The flooring that had been in place at Loeffler’s home beforehand was waterproof and less than two years old, she said, so it merely needed to be dried out with fans. Instead, she said, she had to pay more than $5,000 to replace the flooring that the contractor ripped out.
A costly fight
Sherry Loeffler poses for a portrait near her townhouse at Lake Wylie. She has been mired in a lengthy court fight after her HOA hit her with nearly $12,000 in fines – over windows that she says they approved. “I want other homeowners to know this can happen to them,” she said. “And if they don’t have the money to fight it, they could lose their homes.”
Because of her legal costs, Loeffler had to delay helping her teenage daughter pay for college and a car, she said. The HOA’s lien also kept her from refinancing her 2,000-square-foot home — or selling it in the hot housing market two years ago.

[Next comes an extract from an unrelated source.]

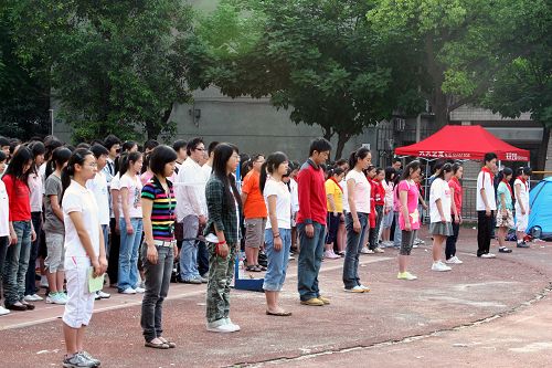 2008年5月19日早上8:00。为悼念在5.12汶川大地震中遇难的四川同胞,附中师生在升旗仪式前默哀一分钟。国歌之后,旗杆顶端的五星红旗缓缓下滑,降落至三分之一处,全场一片肃静,全校师生沉浸在深切地悲痛之中。愿死者安息,生者坚强。

But the toll extended beyond her bank account. She began taking anxiety medication to deal with the stress of it all, she said. In a letter submitted to the court, Loeffler’s doctor said she had suffered from panic attacks and sleep difficulties — and that the ordeal with her HOA has been a major source of her stress.
She feels less comfortable spending time at the neighborhood pool these days because her fight with the HOA has brought her unwanted attention. “Aren’t you the window lady?” some neighbors in her 200-plus townhome community now ask her.
Loeffler said she plans to push for changes that will help others in her position. She’ll ask state lawmakers to create a panel to investigate complaints about HOAs — so that homeowners like her don’t have to spend so much time and money fighting back, she said
“I want other homeowners to know this can happen to them. And if they don’t have the money to fight it, they could lose their homes,” she said. “HOAs shouldn’t be allowed to have this kind of power.”
News & Observer data reporter David Raynor contributed.